The company said the sale of the forest estate, now carried in its books at $728 million, including $181 million of land, was on target to be concluded by the end of the year. Joint chief executive John Dell had no comment on speculation the sale could be announced as soon as next week.
Like all forestry companies, Fletcher Forests has taken a hit from a rise in the New Zealand dollar, low prices in markets and high freight rates. The company holds US debt as a natural currency hedge and this provided a $23 million gain.
On top of common industry problems, Fletcher Forests has lost a multi-million dollar management contract for the neighbouring Central North Island Forest Partnership forest estate and is trying to cut head office costs by $13 million a year.
"We are becoming a smaller company," said chairman Sir Dryden Spring.
Dell was positive about the distribution ventures into the US and processing businesses the company is now focusing on.

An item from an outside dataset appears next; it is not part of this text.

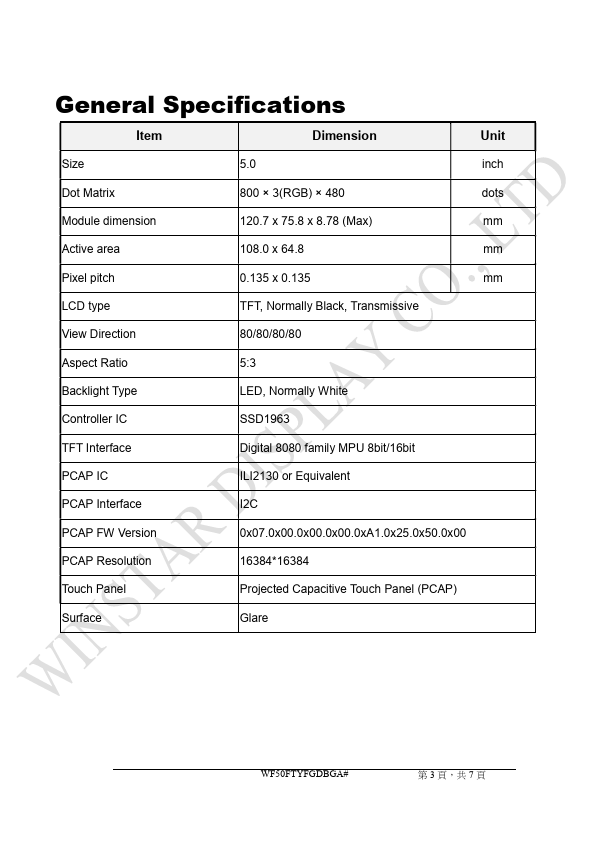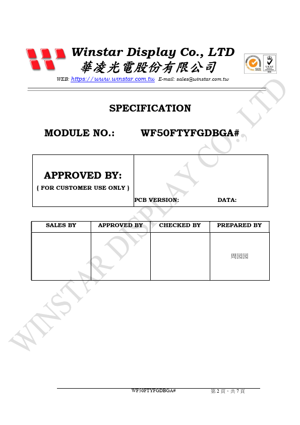 Winstar Display Co., LTD 華凌光電股份有限公司 WEB: https://.winstar..tw E-mail: sales@winstar..tw SPECIFICATION MODULE NO.:.

"Looking ahead, we're cautious overall. There are some signs of a modest improvement in current market conditions, but the higher level of the New Zealand dollar likely to prevail during the year will create an environment at least as challenging as the last year," he said.
The loss for the year compared with a full-year loss of $249 million last year when the company wrote down loans to CNIFP. This year there was a $140 million tax credit, effectively a writeback of provisions made in the past for tax payable on any forest sale at higher values.
Operating earnings for the year were $81 million compared with $83 million last year. Second-half operating earnings were down at $34 million from $47 million last year. No dividend was paid.
Fletcher Forests said the new forest valuation was not an indication of sale price. It was derived using two quarters of price data, instead of 12 quarters previously and a discount rate of 9.75 per cent, instead of 8 per cent. The changes produced a lower valuation, more closely reflecting the market, especially the impact of the higher kiwi dollar.
The massive revaluations publicly-listed forestry companies were making to forests this year was another reason why they should not own them, said Dell. Carter Holt Harvey has signalled a $900 million writedown this year and Evergreen has also written down the value of its forests.
Fletcher Forests increased its harvest by 19 per cent in 2003.
"We expect log export prices are likely to show some improvement from current levels as a reduced New Zealand harvest starts to impact supply," said Dell.
In US dollar terms sales, US sales rose 20 per cent and sales also rose to China, compensating for the weak South Korean market.
Australasian businesses performed well and the New Zealand housing market had been particularly buoyant.